Claudia, a wizened elder, sat at the tiny turquoise table in the preschool classroom in the village school, a resplendent silver salmon spread out on the table in front of her, pointing out to my students important parts in the fish. A half dozen dark heads hovered over as my four-year-old students leaned in for a closer look. She showed them how to remove the glimmering scales, how to slice the flesh with the curved blade of her ulu. Using a portable griddle, she showed them how to cook the fish, and then we all ate it dipped in seal oil, a thick, slightly sweet oil rendered from the blubber of seals. Earlier in the fall, when the weather was still good, another elder took us to the beach to show us how the line nets were used to catch fish.

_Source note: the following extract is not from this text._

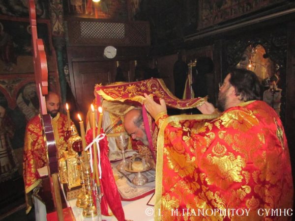 Μετά τήν ἀπόλυσιν ὁ π. Παῦλος ἐδέχθη τίς ἐγκάρδιες εὐχές τοῦ Ἱ. Κλήρου, τῶν οἰκείων του καί τῶν πολυπληθῶν πιστῶν, πρός τούς ὁποίους διένειμε ὡς εὐλογία καί ἐνθύμιον, εἰκονίδιον τοῦ Ταξιάρχου. Τέλος προσεφέρθησαν εἰς ὅλους τά μοναστηριακά κεράσματα, ἐνῶ ἡ Ἱ. Μονή τήν μεσημβρία, παρέθεσε στήν Μεγάλη Τράπεζα ἑόρτιον γεῦμα.

I invited elders to come into my classroom to teach traditional customs and skills. Some of my students got these lessons at home, but some didn’t. Either way, it was a selfish move. I wanted to learn these things myself.

Tillie came to teach us how to make dancing gloves. Shaped like mittens, these gloves have tiny bells sewn along the top edge, as if at the tip of each finger. When they’re worn for dancing traditional Inupiaq dances, the bells tinkle—a sound that is believed to welcome the animal spirits to return for the dance. We made our gloves out of felt and rickrack rather than fur. I wrote each students’ name in magic marker on the back of each pair of gloves, and passed them out when other elders came in to teach us dancing.

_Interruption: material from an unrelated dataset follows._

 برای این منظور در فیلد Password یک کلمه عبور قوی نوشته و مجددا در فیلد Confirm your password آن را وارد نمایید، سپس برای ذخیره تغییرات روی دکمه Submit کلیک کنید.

For each dancing practice, I’d stack up most of the chairs and tables in one corner of the room and push the slide and play equipment back into another corner. One row of chairs was lined up against the back wall for the several elder men to sit on as they drummed for us. The large, flat drum bellies were taut with the skin of bearded seals. In between the songs they beat out, the men took breaks to splash water onto the drum bellies to keep them soft. They beat on them with rigid strips of baleen.

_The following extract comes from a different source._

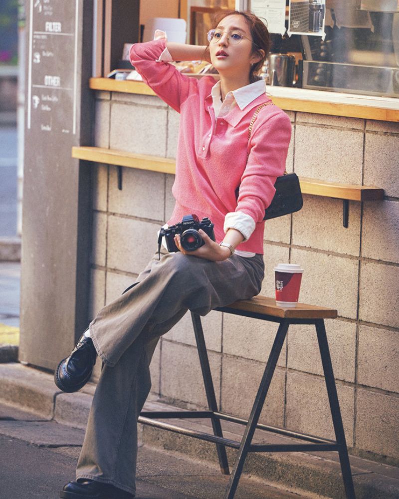 白シャツにピンクのポロニットを重ねた、ほどよくプレッピーなスタイル。甘めカラーも、グレーのワイドパンツで中和すれば大人っぽくまとまります。仕上げに黒のバッグやシューズを合わせて、全体をキリッと引き締めて。

The girls and I bobbed in place and lilted our arms slowly back and forth, as if we were gently swirling water, in the women’s style of dancing, while the boys stomped their feet, leaning slightly forward with their torsos as if they were about to push a heavy object. Sometimes when I didn’t have the motions right, an elder would instruct me, guide my limbs through the move. “Try you,” she’d say, and watch to make sure I had it right.  We all chanted monotonously and gutturally. “A ya ya. A ya ya.” Later, we’d perform our dance together at the school’s Christmas program. I loved moving in unison with my students and the village elders, held by an ancient rhythm singing in a language I didn’t understand.

How To Be Buried

One afternoon in December it will begin to snow. And it will keep snowing. You’ll walk out your door and you’ll greet a thick curtain of snow—snow thick as batter, snow whipped up all around you into stiff peaks like meringue but tall as trees. The snow is relentless, falls and won’t be stopped. It gives up against anything it can. The days go blind with its billions of tiny gestures that fall like an erasure of anything but drift. The air thickens with it, draws in like a net.

You’ll walk around in a bubble of white. Everything else is muffled. No sound beyond the soft, padding swish of each step, and sometimes you’ll think that what you’re actually hearing is the shifting, loosening motions of joints and muscles from within your own body, which has also filled with snow.